Manche Tiere haben sogar die Fähigkeit, über das Wissen anderer nachzudenken. Sie antizipieren die Handlungen anderer und übernehmen zum Teil deren Perspektive. Einige Tiere können innovativ und kreativ sein. Sie finden spontan Lösungen für völlig neue Probleme, indem sie frühere Erfahrungen rekombinieren oder Artgenossen selektiv kopieren. Manche können Werkzeuge nicht nur effizient einsetzen. Sie können deren Wirkung sogar durch gezielte Modifikation steigern oder sogar neue Werkzeuge herstellen. Manche Tiere können sogar zukünftige Ereignisse vorausdenken und entsprechend ihre Handlungen planen.

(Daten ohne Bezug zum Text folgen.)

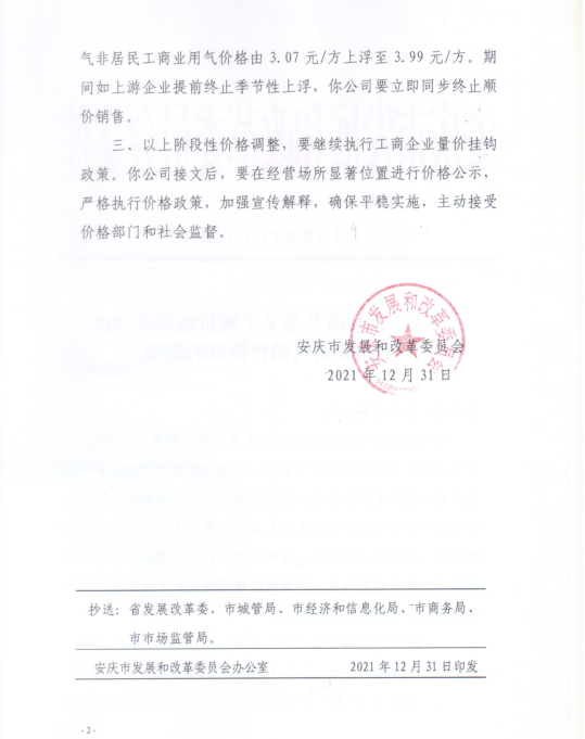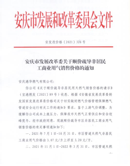 安慶市發(fā)展改革委關(guān)于順價疏導(dǎo)冬季非居民工商業(yè)用氣價格的通知(2021)
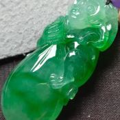 冰阳绿灵猴献寿翡翠吊坠 尺寸49*22.5*11.5
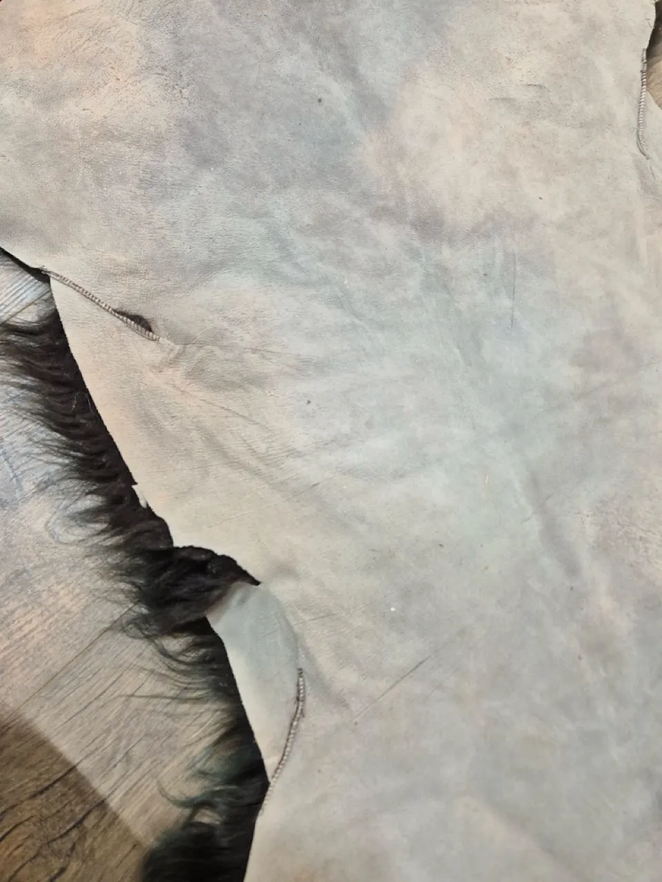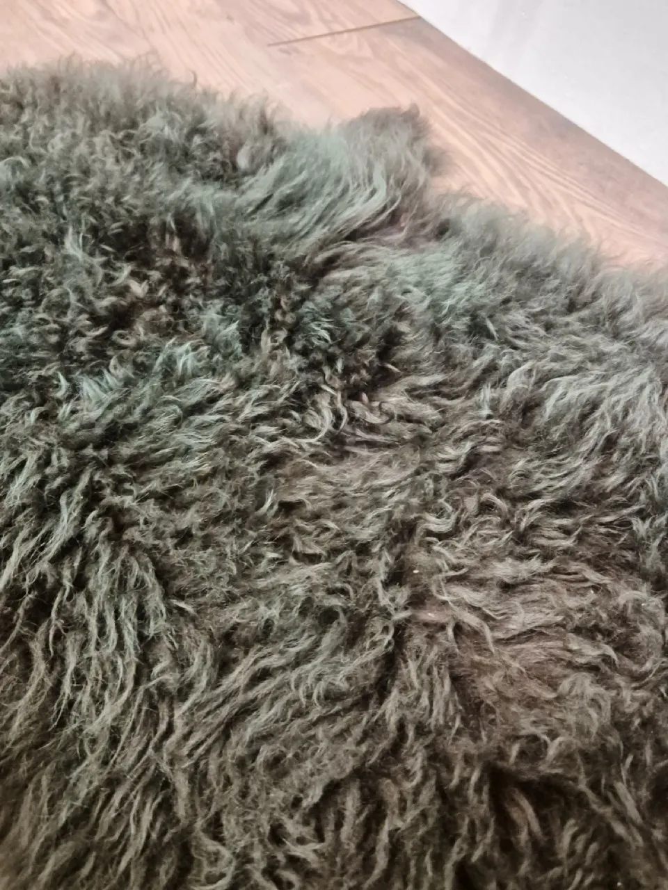 Brun/grönt fluffigt fårskinn ca 1meter
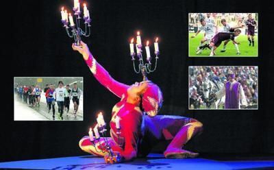 Chinesische Akrobatik in Tübingen: Das Dezember-Motiv des GEA-Kalenders 2008 stammt von der Gala-Veranstaltung des schwäbischen Turnerbunds. Die kleinen Bilder zeigen die Kalenderblätter der Monate Januar (Alb-Gold-Winterlauf), Mai (SSV-Spiel) und Oktober (Marbacher Hengstparade).
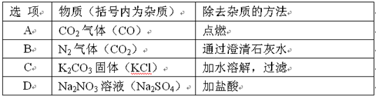 | B.用适量的K2CO2溶液除去NaCl溶液中少量的CaCl2 |
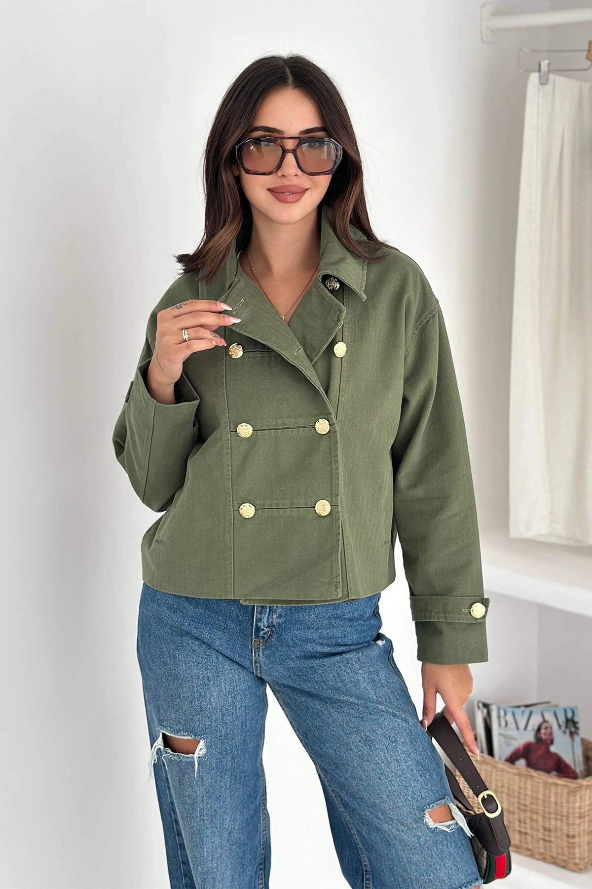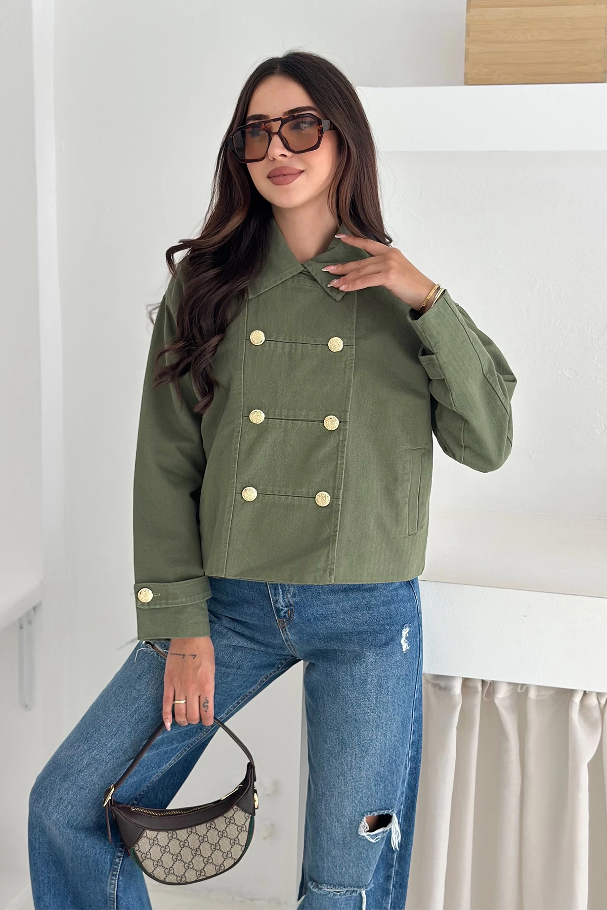 Düğme Detaylı Yağmur Gabardin Ceket Haki

Einige Tiere handeln praktisch und rational

Es gibt auch Tiere, die ihre Entscheidungen durch das Abwägen von Zielen treffen. Dabei wählen sie die effizientesten Wege dorthin aus und berücksichtigen dabei aktuelle und zukünftige Motivationen. Für Ludwig Huber steht fest: „Mit diesen Fähigkeiten erfüllen sie (einige, auch wenn nicht alle) Kriterien praktisch-rationalen Handelns.“ In ethischer Sicht hinterfragt die Kognitionsforschung traditionelle Einstellungen im Umgang mit Tieren, insbesondere seiner Instrumentalisierung, ob als Nahrungsmittel oder Versuchstier.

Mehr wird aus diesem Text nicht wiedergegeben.